• _Task brief_
All lines from the one containing "Alloggio indipendente e" through the end of the data below are to be repeated exactly, with pictures left out.

• _Supplied material_
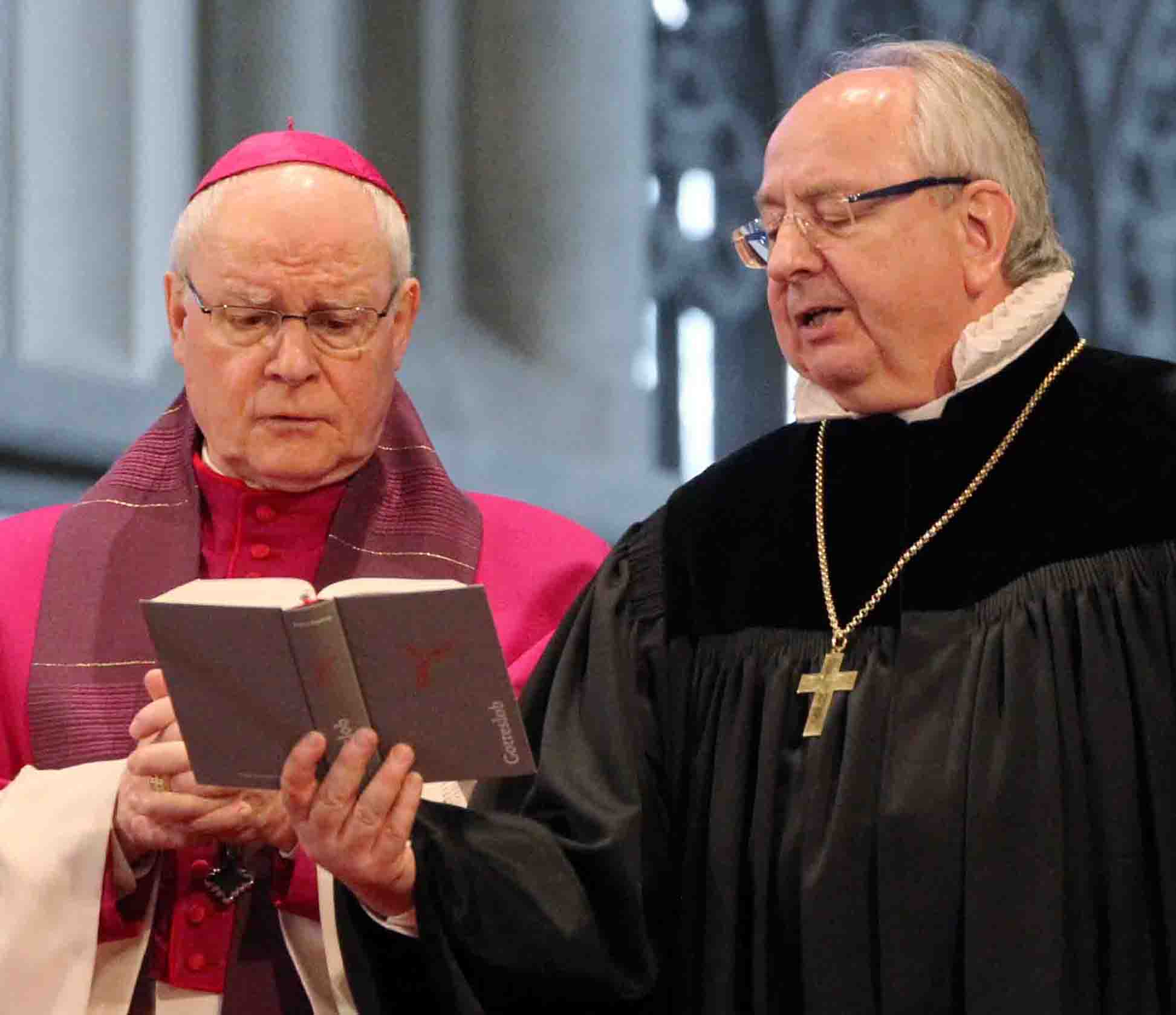 Dieser Gottesdienst solle nicht folgenlos bleiben, unterstrich Bischof Konrad am Ende der etwas länger als eine Stunde dauernden Liturgie. Beide Bischöfe trugen deshalb abwechselnd verschiedene Selbstverpflichtungen vor: Etwa die grundlegenden Gemeinsamkeiten im Glauben in allen Formen der Verkündigung hervorzuheben und gemeinsam in dieser Welt Zeugnis von Gott abzulegen; die ökumenische Kultur des Dialogs und der Zusammenarbeit auf allen Eben kirchlichen Lebens zur fördern und im Vertrauen auf die Kraft des Heiligen Geistes alles zu unterlassen, was Anlass zu neuen Zerwürfnissen zwischen den Kirchen gibt; sowie den konfessionsverschiedenen Ehen alle Hilfestellungen zu leisten, die ihren gemeinsamen Glauben stärken und die religiöse Erziehung ihrer Kinder fördern. Diese Selbstverpflichtungen und der Segen durch die beiden Bischöfe setzten den Schlussakzent des Gottesdienstes – bevor die Gemeinde „Nun danket alle Gott“ sang und die Zelebranten mit Applaus verabschiedete.
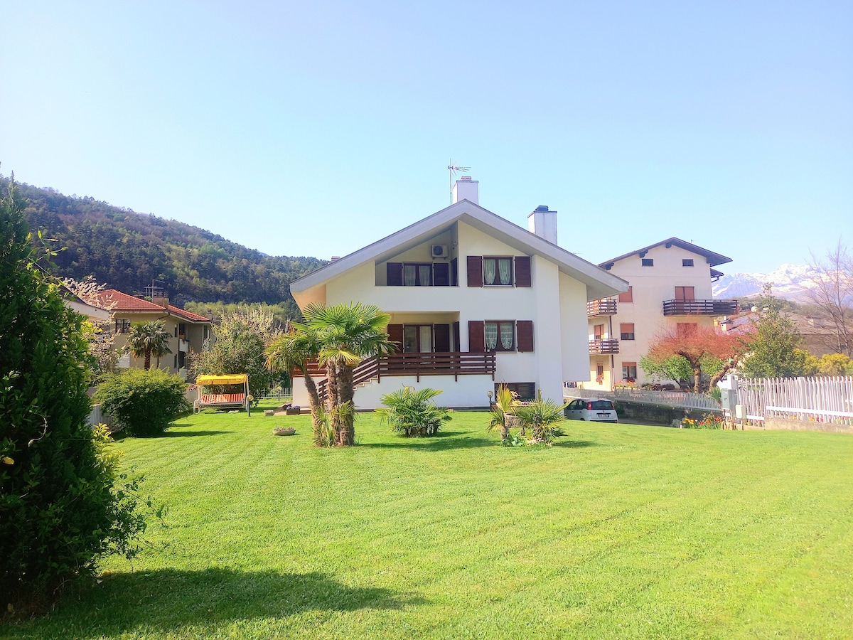 Alloggio indipendente e ad uso esclusivo degli ospiti. La struttura si trova a Brentonico immersa nel verde delle montagne del Baldo, in 15 minuti si raggiunge il lago di Garda e in 10 minuti si raggiungono le montagne dell'Altipiano. La villetta ha 3 camere da letto e 2 bagni con un ampia zona giorno. E' disponibile una piscina coperta riscaldata funzionante tutto l'anno. E' presente una palestra con Kinesis di Tecnogym. Il giardino offre una vista delle montagne magnifica.
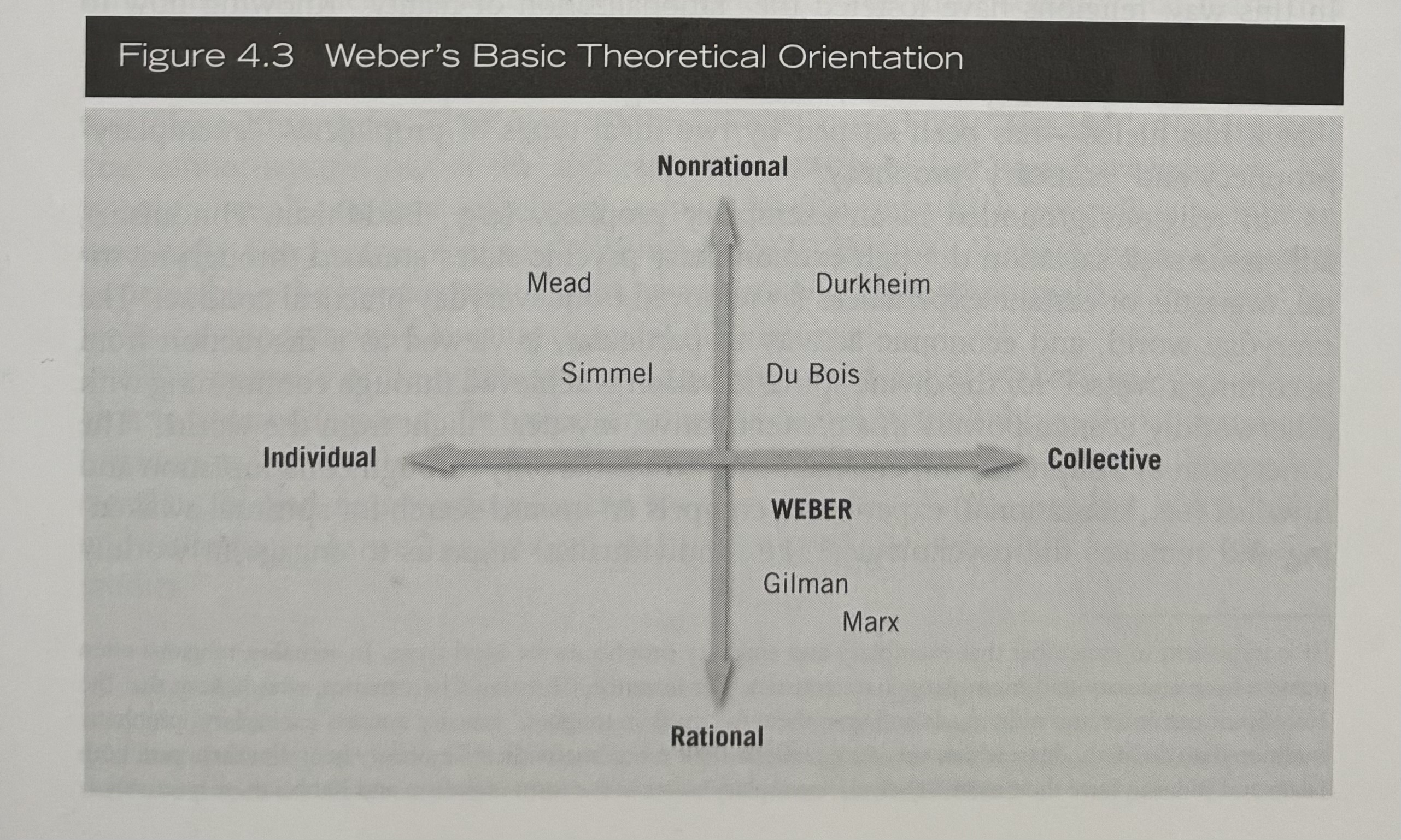 Weber's orientation spans individual actions, rational/irrational motivations, and collective structures.

• _The completed task_
 Alloggio indipendente e ad uso esclusivo degli ospiti. La struttura si trova a Brentonico immersa nel verde delle montagne del Baldo, in 15 minuti si raggiunge il lago di Garda e in 10 minuti si raggiungono le montagne dell'Altipiano. La villetta ha 3 camere da letto e 2 bagni con un ampia zona giorno. E' disponibile una piscina coperta riscaldata funzionante tutto l'anno. E' presente una palestra con Kinesis di Tecnogym. Il giardino offre una vista delle montagne magnifica.
 Weber's orientation spans individual actions, rational/irrational motivations, and collective structures.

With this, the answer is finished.